Vulkan GPU Backend - still in progress, a public test build is delivered. A lot is being worked on

ARB Shaders - Goal reached in April 2021. As seen from last month's progress report, work on ARB shaders has been going smoothly.

ARB shaders will further reduce stuttering on the first run by improving the shader compilation speed on NVIDIA GPUs using the OpenGL API.

$2000/month - Texture Packs / Replacement Capabilities - Almost there!

This will facilitate the replacement of in-game graphics textures which enables custom texture enhancements, alternate controller button graphics, and more.

ETA once the goal is reached: ~3-4 weeks

$2500/month - One full-time developer - Not yet met

This amount of monthly donations will allow the project's founder, gdkchan, to work full-time on developing Ryujinx.

$5000/month - Additional full-time developer - Not yet met

This amount of monthly donations will allow an additional Ryujinx team developer to work full-time on the project.

Vulkan Progress:

December has seen a lot of progress on our Vulkan implementation.

First, as you may have noticed, we have been telling our users not to expect immediate improvements on Vulkan compared to OpenGL under NVIDIA graphics cards, with the exception of a few graphical fixes thanks to features that Vulkan supports but OpenGL does not. But thanks to recent performance improvements on the backend, a few titles are starting to outperform Nvidia OpenGL. For example, The Legend of  Zelda: Breath of the Wild is up to 25% faster in some areas.

OpenGL:

Vulkan:

There are a few other games that have seen improvements on NVIDIA with Vulkan aswell.

NVIDIA was not the only vendor that had improvements; Intel also had great performance uplifts in the past month, thanks to optimization that was made on the backend, and also several improvements to their drivers on Windows, which happened to fix bugs that affected Ryujinx too.

One example of this is Mario Kart 8 Deluxe, which still runs at about 30 FPS on OpenGL (varies a bit depending on the area and the view).

OpenGL:

Vulkan:

Below you can see a graph with tests on a few more games.

The games are Mario Party Superstars, Super Mario Odyssey, Luigi's Mansion 3 and Animal Crossing, respectively. The tests were performed on a laptop with an Intel i5 8300H CPU and integrated Intel UHD Graphics 630 GPU, and 16 GB of DDR4 RAM.

Above we can see a similar graph, this time tested with a AMD GPU. The tests were performed on a PC with an RX 570, Intel i5 7500 and 16 GB of DDR4 RAM.

Please note that the values on the graphs are percentages in relation to the target frame rate, not frame rate values. So 110 (%) there means that it can run at slightly above the intended frame rate. For a game like Animal Crossing that targets 30 fps, that means it can run at 33 fps. Please also note that performance on those games is dependant on several factors, including the area of the game and current amount of on-screen elements. Animal Crossing performance for example depends on the number of houses and other objects on the island. Our main goal here is to show how it compares to the current OpenGL backend on the same hardware and same spot.
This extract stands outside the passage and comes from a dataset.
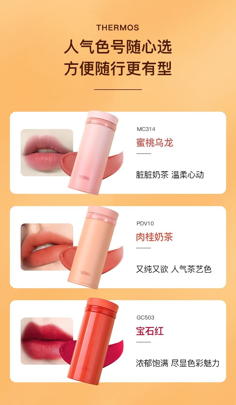 膳魔师(THERMOS)膳魔师新口红杯小光环系列保温杯便携小容量附杯包TCNO-250礼盒 肉桂奶茶

Thanks to Harone for performing these tests.

We also had fixes for graphical glitches on the Vulkan backend in December. First, alpha test was implemented, which fixed the lack of transparency on a few games, including Mega Man 11 and New Pokémon Snap. The issue causing models on New Super Mario Bros U Deluxe to have black borders was fixed. Some texture corruption issues have been fixed, and Splatoon 2 can now load and run consistently on NVIDIA. A bug causing Shin Megami Tensei III Nocturne to render nothing other than the playable character was fixed. We are also working to fix issues that affect both Vulkan and OpenGL (like some texture related issues), but Vulkan is the most affected.

There are still some performance issues, like low frame rates on Super Mario Odyssey on AMD and overall low performance on Linux with NVIDIA and AMD, that we plan to investigate.

Please look forward to more improvements on next progress reports!

Now, let's get into this month's progress!

GPU

Fix FLO.SH shader instruction with an input of 0

An oversight on the implementation of this shader instruction made it produce the wrong results for a specific input value (zero). The implementation was corrected to fix this error. This error was found using our shader fuzzer that we mentioned on previous progress reports.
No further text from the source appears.